In exercises 4.2–4.9 consider an urn containing 12 balls, numbered 1 to 12. Further, the balls numbered 1 to 8 are white, and the remaining balls are red. Give a formula for the probability law of the numerical valued random phenomenon described.

Answer

(i) Hypergeometric with parameters \(N=200, n=20, p=0.05\) ; (ii) binomial with parameters \(n=30, p=0.51\) ; (iii) geometric with parameter \(p=0.51\) ; (iv) binomial with parameters \(n=35, p=0.75\) .

4.2 . The number of white balls in a sample of size 6 drawn from the urn without replacement.

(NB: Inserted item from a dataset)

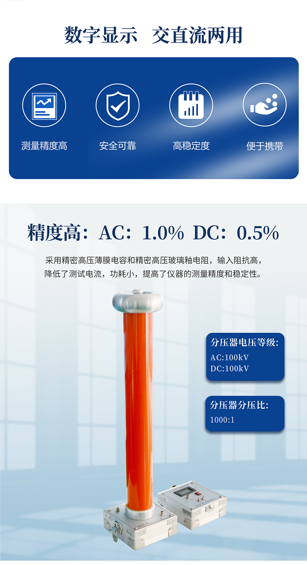 用于電力系統及電氣電子設備制造部門測量工頻交流高電壓和直流高電壓。參考標準:DL/T 846.1-2016

4.3 . The number of white balls in a sample of size 6 drawn from the urn with replacement.

Answer

\(p(x)=\left(\begin{array}{l}6 \\ x\end{array}\right)\left(\begin{array}{c}2 \\ 3\end{array}\right)^{x}\left(\frac{1}{3}\right)^{6-x} \quad\) for \(x=0,1, \ldots, 6; 0\) otherwise.

4.4 . The smallest number occurring on the balls in a sample of size 6, drawn from the urn without replacement (see theoretical exercise 5.1 of Chapter 2.)

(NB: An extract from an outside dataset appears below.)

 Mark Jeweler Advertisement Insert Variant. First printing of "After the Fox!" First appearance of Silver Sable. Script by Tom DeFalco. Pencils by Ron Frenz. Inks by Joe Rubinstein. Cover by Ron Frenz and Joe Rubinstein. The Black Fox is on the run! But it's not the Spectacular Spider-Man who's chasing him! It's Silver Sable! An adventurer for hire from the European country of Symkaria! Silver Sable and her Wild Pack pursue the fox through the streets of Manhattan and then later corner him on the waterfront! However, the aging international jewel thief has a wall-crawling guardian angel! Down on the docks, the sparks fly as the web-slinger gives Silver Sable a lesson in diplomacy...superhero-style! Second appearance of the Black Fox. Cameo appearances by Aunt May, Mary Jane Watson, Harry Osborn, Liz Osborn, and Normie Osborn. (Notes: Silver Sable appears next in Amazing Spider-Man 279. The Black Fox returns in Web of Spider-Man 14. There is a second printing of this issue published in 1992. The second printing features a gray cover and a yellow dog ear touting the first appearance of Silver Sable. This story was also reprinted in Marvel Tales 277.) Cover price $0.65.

4.5 . The second smallest number occurring in a sample of size 6, drawn from the urn without replacement.

Answer

\(p(x)=(x-1)\left(\begin{array}{c}12-x \\ 4\end{array}\right) /\left(\begin{array}{c}12 \\ 6\end{array}\right) \quad\) for \(x=2, \ldots, 12; 0\) otherwise.

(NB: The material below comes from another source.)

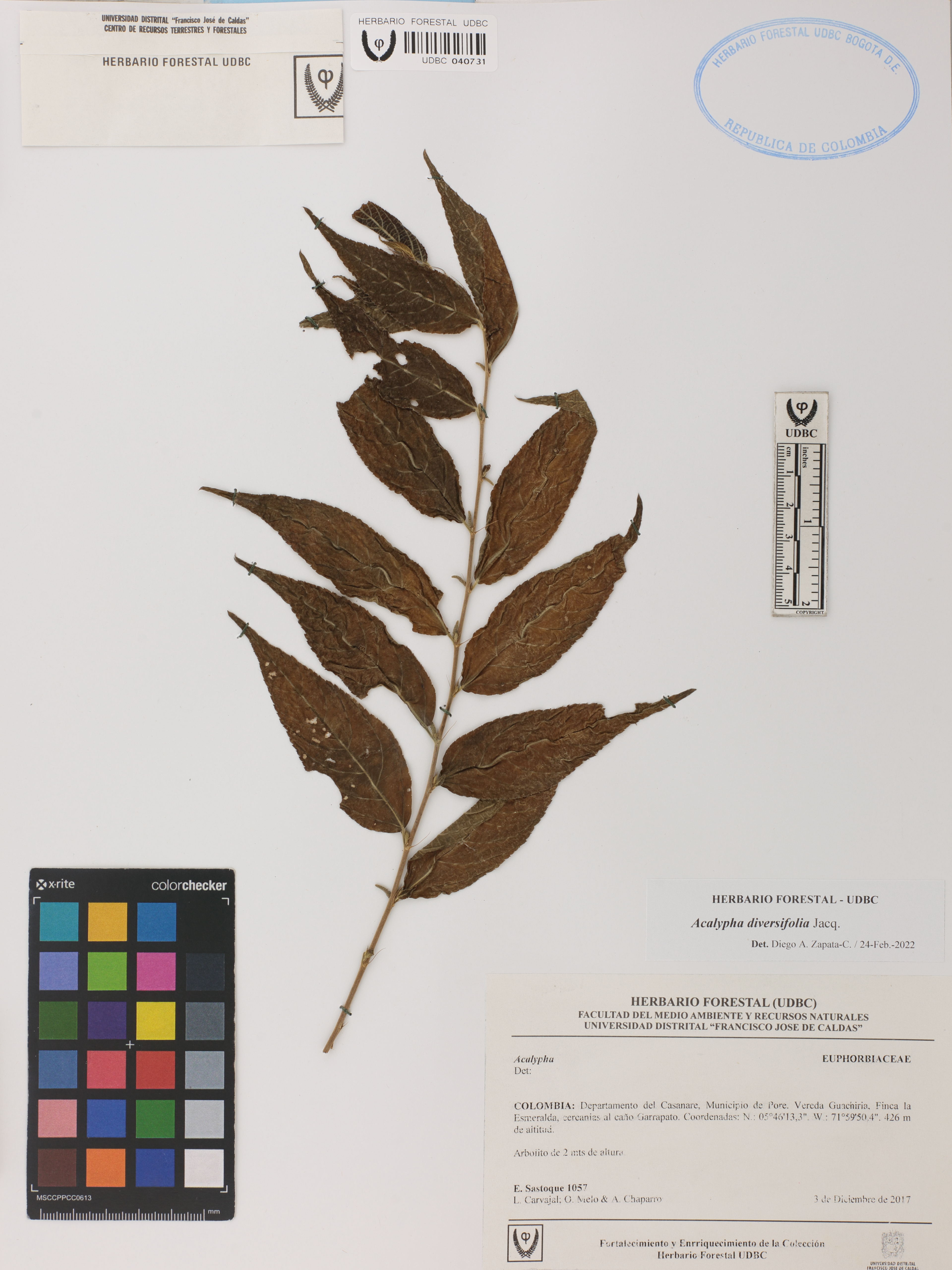 | dc.description | Fotografía del ejemplar Sastoque, E. 1057, determinado como Acalypha diversifolia en el año 2022 | |

4.6 . The minimum number of balls that must be drawn, when sampling without replacement, to obtain a white ball.

4.7 . The minimum number of balls that must be drawn, when sampling with replacement, to obtain a white ball.

Answer

\(p(x)=\left(\frac{2}{3}\right)\left(\frac{1}{3}\right)^{x-1} \quad\) for \(x=1,2, \ldots ; 0\) otherwise.

4.8 . The minimum number of balls that must be drawn, when sampling without replacement, to obtain 2 white balls.

4.9 . The minimum number of balls that must be drawn, when sampling with replacement, to obtain 2 white balls.

Answer

\(p(x)=(x-1)\left(\frac{2}{3}\right)^{2}\left(\frac{1}{3}\right)^{x-2} \quad\) for \(x=2,3, \ldots ; 0\) otherwise.